== Work task ==
For the material that follows, return exactly the lines from the one with "Romantikk i Paris" through the one with "全国初二回娘家的女婿beli", both ends included.

== Supplied data ==

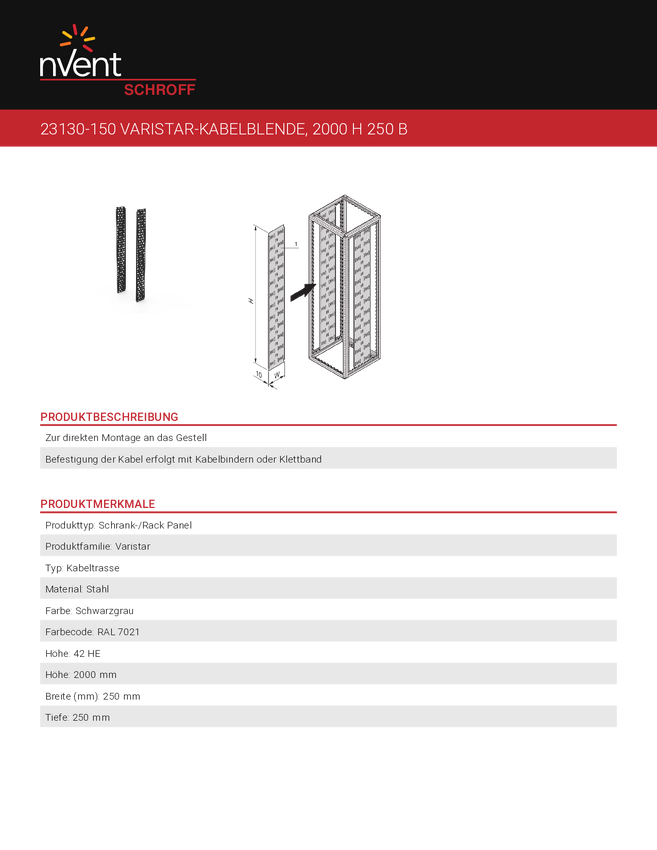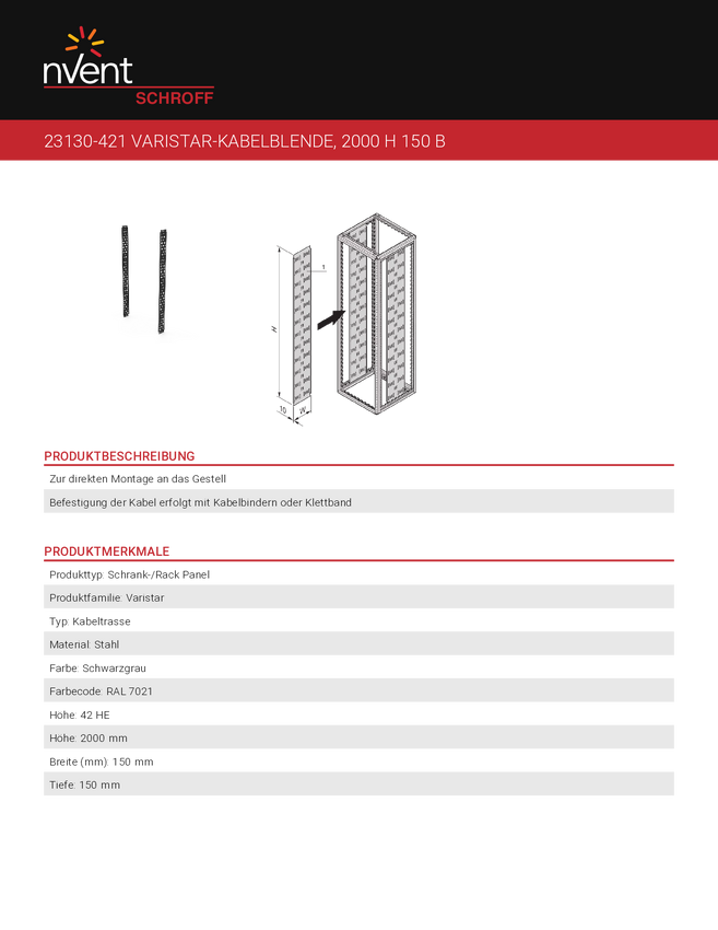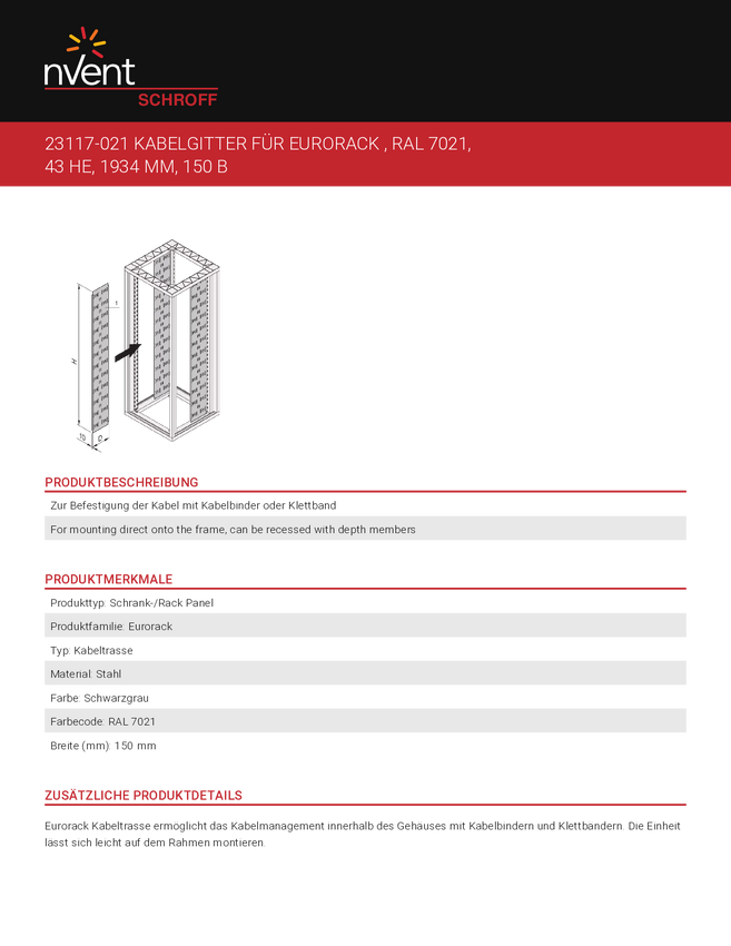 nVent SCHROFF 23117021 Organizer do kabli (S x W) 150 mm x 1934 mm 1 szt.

==

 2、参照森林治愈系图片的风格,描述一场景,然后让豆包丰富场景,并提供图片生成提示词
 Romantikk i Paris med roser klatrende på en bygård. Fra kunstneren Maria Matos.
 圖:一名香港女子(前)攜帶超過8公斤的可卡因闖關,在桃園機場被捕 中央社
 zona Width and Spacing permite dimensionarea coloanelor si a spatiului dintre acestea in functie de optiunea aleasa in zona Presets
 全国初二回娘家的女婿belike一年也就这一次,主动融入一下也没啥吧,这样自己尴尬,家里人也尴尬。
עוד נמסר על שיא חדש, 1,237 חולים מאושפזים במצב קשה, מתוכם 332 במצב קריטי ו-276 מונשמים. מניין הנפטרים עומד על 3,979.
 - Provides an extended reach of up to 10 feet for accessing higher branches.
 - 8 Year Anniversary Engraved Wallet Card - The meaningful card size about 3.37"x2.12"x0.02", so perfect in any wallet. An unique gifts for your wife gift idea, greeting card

== Your solution ==
 Romantikk i Paris med roser klatrende på en bygård. Fra kunstneren Maria Matos.
 圖:一名香港女子(前)攜帶超過8公斤的可卡因闖關,在桃園機場被捕 中央社
 zona Width and Spacing permite dimensionarea coloanelor si a spatiului dintre acestea in functie de optiunea aleasa in zona Presets
 全国初二回娘家的女婿belike一年也就这一次,主动融入一下也没啥吧,这样自己尴尬,家里人也尴尬。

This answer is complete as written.